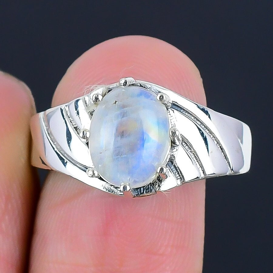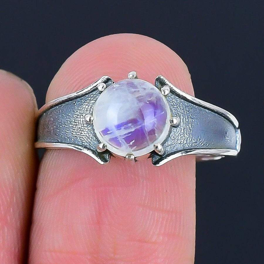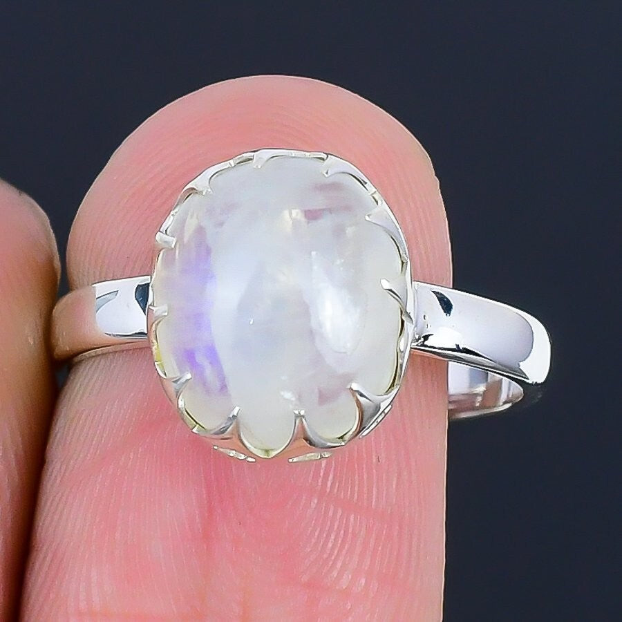 Natural Rainbow Rainbow Moonstone Solid Silver Cluster Wife Ring Jewelry Size 6
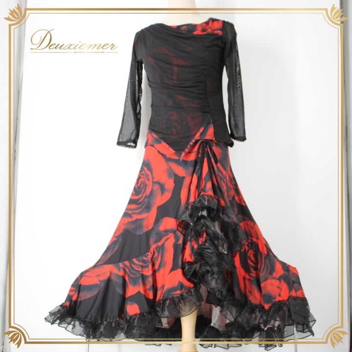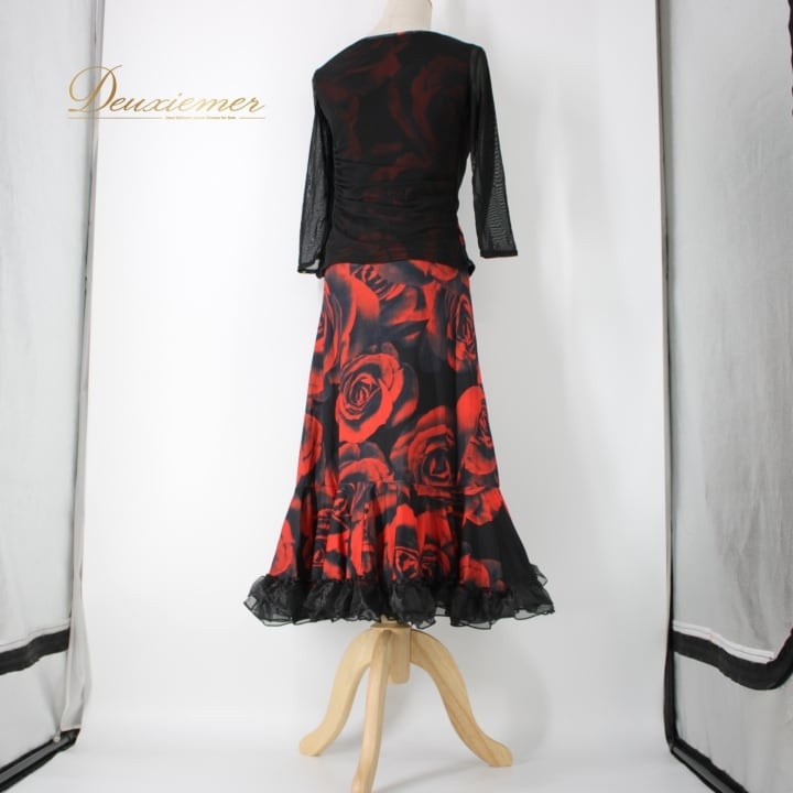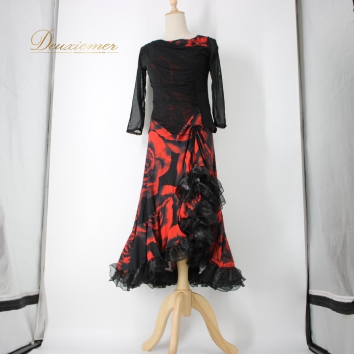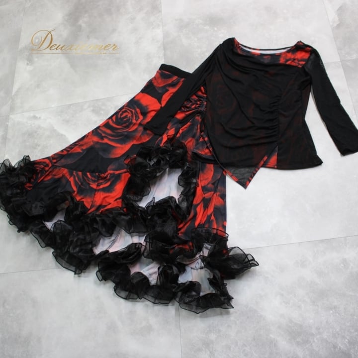 #社交ダンス #ダンス衣装 #セットアップ #ブラックレッド #花柄 #レイリーナ #伸縮性 #ウエストゴム #ポリエステル #ファッション #ダンスファッション #フォーマル #トルソー #ダンスイベント #コスチューム #女性用 #ダンス衣装コーデ #レッスン用 #ダンススタイル #ENUTSU
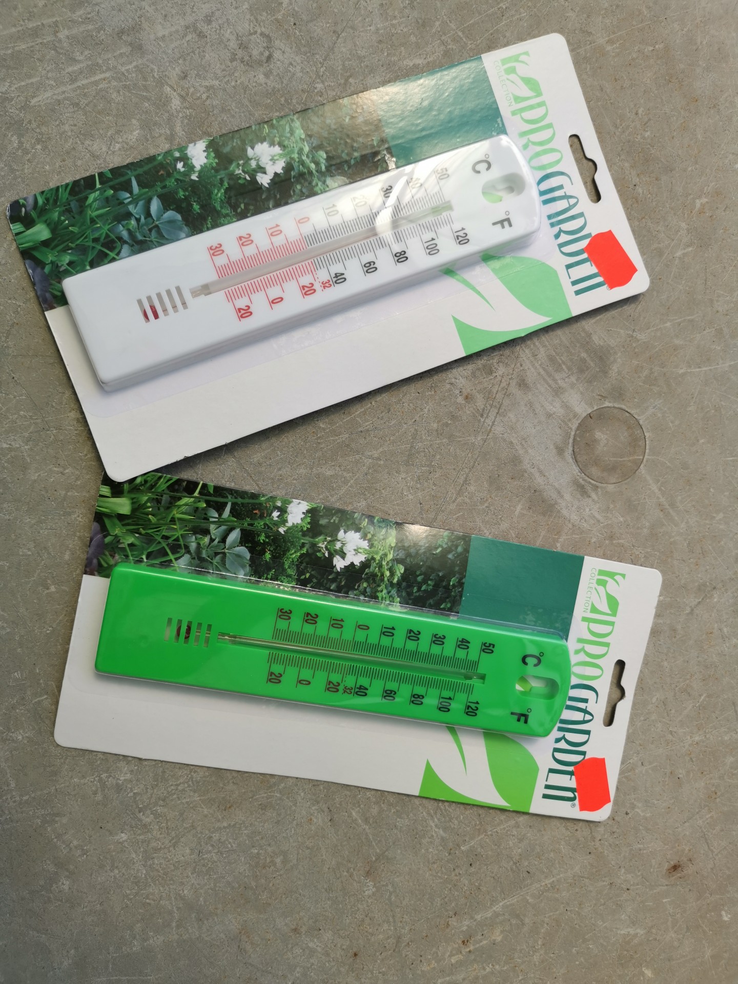• Termómetros branco e verde, embalados com imagem de plantas e texto 'PROGARDEN'
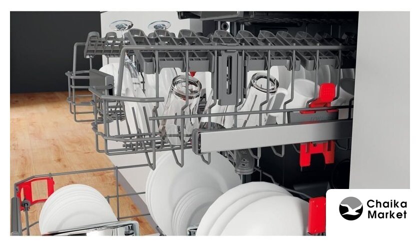 Особенности верхней корзины | регулировка положения по высоте, держатели для бокалов |
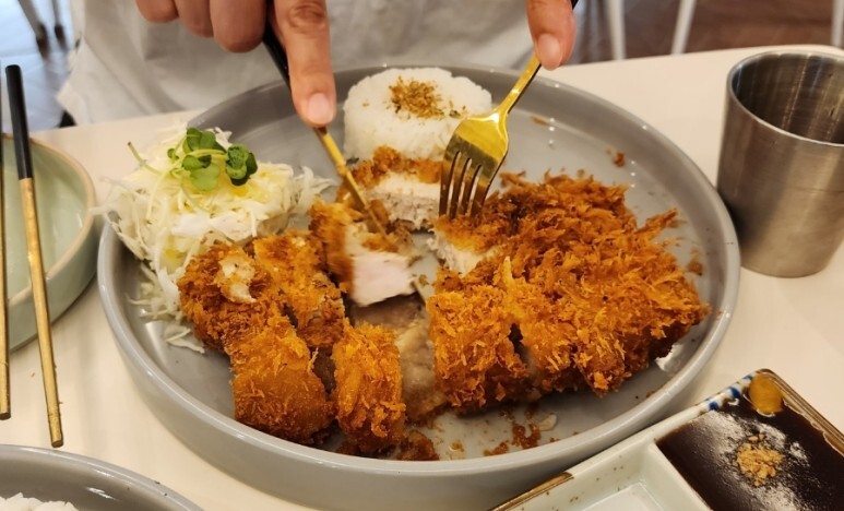돈까스 튀김옷을 입은 겉은 바삭, 안쪽에 비계와 고기는 촉촉!
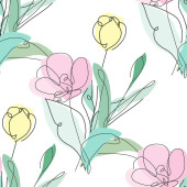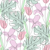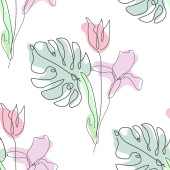 Zdjęcie "Elegancki bezszwowy wzór z tęczówki, tulipan, potwór, elementy konstrukcyjne. Kwiatowy wzór na zaproszenia, karty, nadruk, opakowanie na prezent, produkcja, tekstylia, tkaniny, tapety. Ciągły styl sztuki linii" może być wykorzystywane do celów osobistych i komercyjnych zgodnie z warunkami zakupionej licencji Royalty-free. Obraz jest dostępny do pobrania w jakości wysokiej rozdzielczości do 5760x3840.

◆ **What is expected**
Print exactly, with no pictures, the lines above from the one that holds "Особенности верхней корзины" through the one that holds "돈까스 튀김옷을 입은 겉은 바삭, 안쪽에 비계와 고기는 촉촉!", both of them included.

◆ **Exercise output**
 Особенности верхней корзины | регулировка положения по высоте, держатели для бокалов |
돈까스 튀김옷을 입은 겉은 바삭, 안쪽에 비계와 고기는 촉촉!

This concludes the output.